DIPA dukung penanganan Covid-19
Dalam kesempatan yang sama, Menteri Keuangan Sri Mulyani Indrawati melaporkan, pembahasan APBN 2021 oleh pemerintah dan DPR dilaksanakan melalui rapat virtual dengan tetap menjaga transparansi, mekanisme cek dan keseimbangan, serta proses legislasi yang baik. Sejalan dengan itu, proses penyerahan DIPA untuk kementerian dan lembaga serta Daftar Alokasi TKDD APBN 2021 yang dilaksanakan di akhir November diharapkan dapat mendukung penanganan Covid-19 dan pemulihan ekonomi serta berbagai priroitas pembangunan strategis.
”Penyusunan APBN 2021 dilakukan dalam situasi sangat menantang akibat Covid-19 yang menyebabkan guncangan sangat hebat, mobilitas manusia terhenti, perdagangan global merosot, sektor keuangan global bergejolak, harga komoditas menurun tajam, dan ekonomi global masuk jurang resesi,” kata Sri Mulyani.
Dalam menghadapi krisis akibat pandemi, Sri Mulyani melanjutkan, keuangan negara menjadi instrumen utama dan sangat penting melalui program perlindungan sosial dan pemulihan ekonomi. Efektivitasnya sangat bergantung pada ketepatan sasaran, ketepatan waktu, dan ketepatan kualitas dari pelaksanannya. Koordinasi dan kolaborasi antara kementerian, lembaga, dan pemerintah daerah menjadi sangat penting dan menentukan.
Untuk tahun ini, sesuai Peraturan Presiden Nomor 72 Tahun 2020, APBN 2020 diperkirakan mengalami defisit 6,34 persen dari produk domestik bruto (PDB) atau sekitar Rp 1.039 triliun. Defisit yang sangat besar ini diharapkan mampu menjadi kekuatan kontra siklus dari pelemahan ekonomi sehingga kontraksi ekonomi bisa diminimalisasi pada kisaran -1,7 persen sampai -0,6 persen.

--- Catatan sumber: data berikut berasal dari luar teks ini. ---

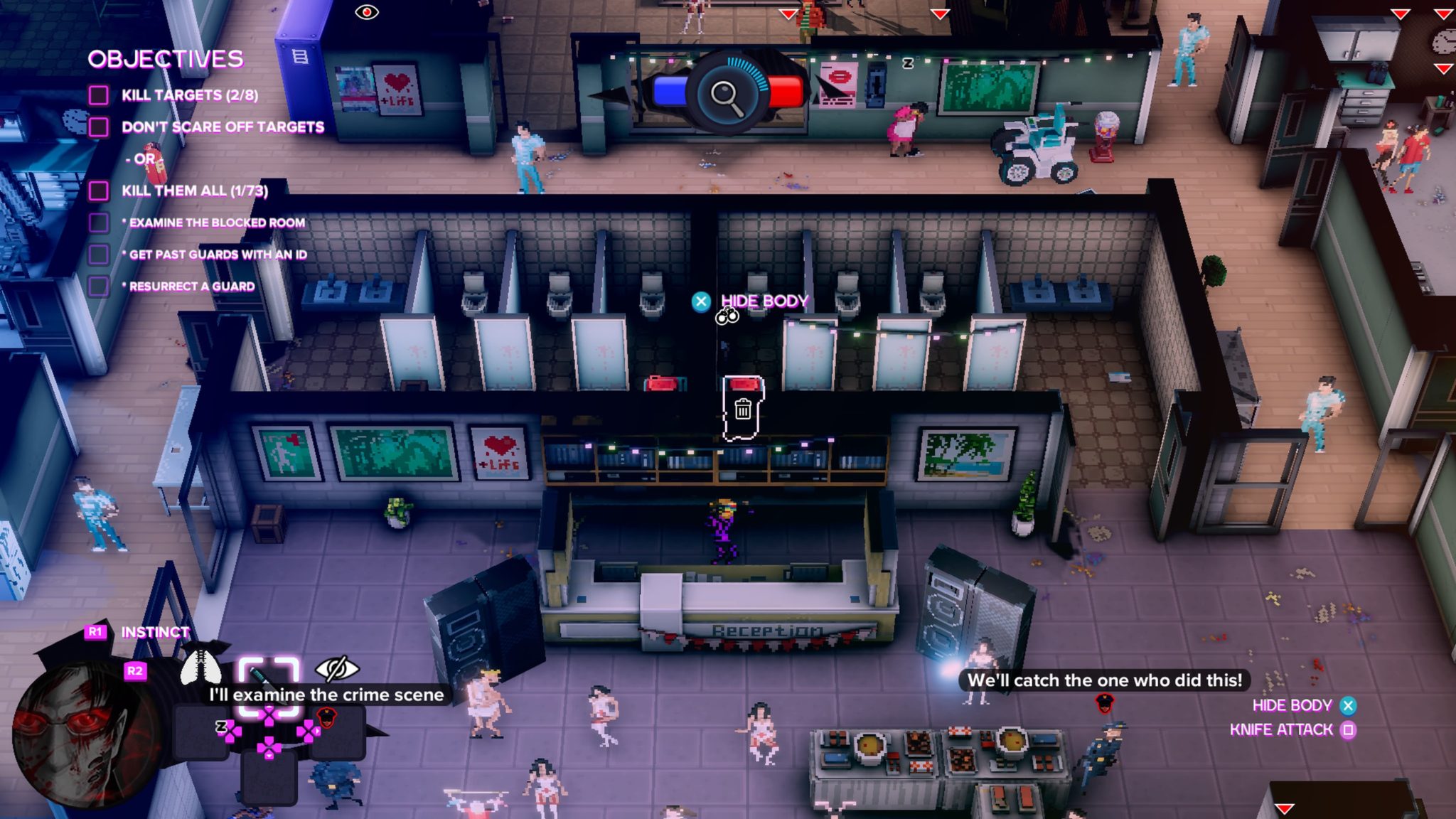Donning a hockey mask and going to a party doesn’t seem weird at all in Party Hard 2. Once you start knifing people, some start to put one and two together which means you might get in trouble with the police. Here’s where the stealth part of Party Hard 2 comes in play. Each level has you completing some specific kill objectives or alternatively just kill everyone. Stabbing your victims in plain sight is definitely not advisable. Looking for the perfect spot and the perfect timing will prove much more beneficial in going unnoticed and actually succeeding the level.

Pada triwulan III-2020, menurut Sri Mulyani, realisasi belanja pemerintah tumbuh 9,8 persen, meningkat dari -6,9 persen di triwulan II-2020. Akselerasi tersebut mampu mendorong kembali pertumbuhan ekonomi yang terpukul berat oleh Covid-19 pada triwulan II-2020. Momentum perbaikan ini perlu terus dijaga sebagai modal pemulihan ekonomi pada 2021.
Untuk 2021, pemerintah memproyeksikan pertumbuhan ekonomi pada tingkat 5 persen. Meskipun proyeksi perekonomian domestik membaik, pemerintah terus waspada karena risiko ketikdakpastian masih tinggi. ”Keberhasilan dalam mengendalikan pandemi akan menjadi faktor penting dalam menentukan akselerasi pemulihan ekonomi di 2021,” kata Sri Mulyani.

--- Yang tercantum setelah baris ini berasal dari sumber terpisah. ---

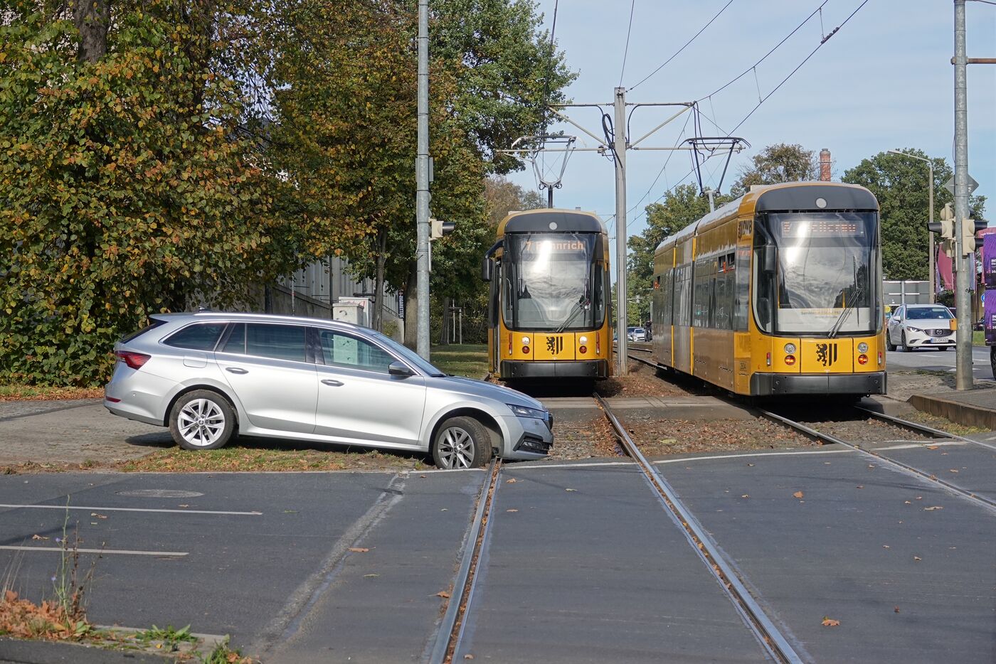 - An der Kreuzung Königsbrücker Straße / Fabricestraße kollidierte ein Skoda Octavia mit einer Bahn der Linie 8

Penyusunan APBN 2021 dilakukan dalam situasi sangat menantang akibat Covid-19 yang menyebabkan guncangan sangat hebat, mobilitas manusia terhenti, perdagangan global merosot, sektor keuangan global bergejolak, harga komoditas menurun tajam, dan ekonomi global masuk jurang resesi.
Sebagai instrumen penting, Sri Mulyani menambahkan, APBN harus dijaga agar tetap berkelanjutan, sehat, dan kredibel. Untuk itu, defisit harus diturunkan secara bertahap tanpa mengurangi daya untuk memulihkan ekonomi. Bahkan sebaliknya, keuangan negara harus mempercepat pemulihan ekonomi.
Baca juga : Catatan untuk Pemulihan Ekonomi
Defisit APBN 2021 sebesar 5,7 persen dari PDB atau Rp 1.006,4 triliun, lebih rendah dari defisit APBN 2020. Hal ini, menurut Sri Mulyani, menggambarkan arah konsolidasi fiskal secara terukur dan bertahap walau tetap ekspansif.
Sri Mulyani juga mengingatkan bahwa disiplin fiskal dan efektivitas APBN sangat penting untuk mengembalikan kesehatan APBN. Ini hanya bisa diwujudkan dengan komitmen dan tanggung jawab semua kementerian, lembaga, dan pemerintah daerah sebagai pengguna anggaran untuk memperbaiki kesejahteraan rakyat serta mendorong dan memulihkan pertumbuhan ekonomi.
”Dalam upaya pemulihan ekonomi akibat Covid-19, selain peran penting APBN, dukungan kebijakan moneter, kebijakan, dan regulasi sektor keuangan, kebijakan investasi, kebijakan perdagangan, dan kebijakan pemda sangat penting. Implementasi Undang-Undang Cipta Kerja dan reformasi ekosistem logisitik nasional diharapkan dapat mendorong investasi, membuka kesempatan kerja, dan meningkatkan daya saing perekonomian Indonesia,” kata Sri Mulyani menambahkan.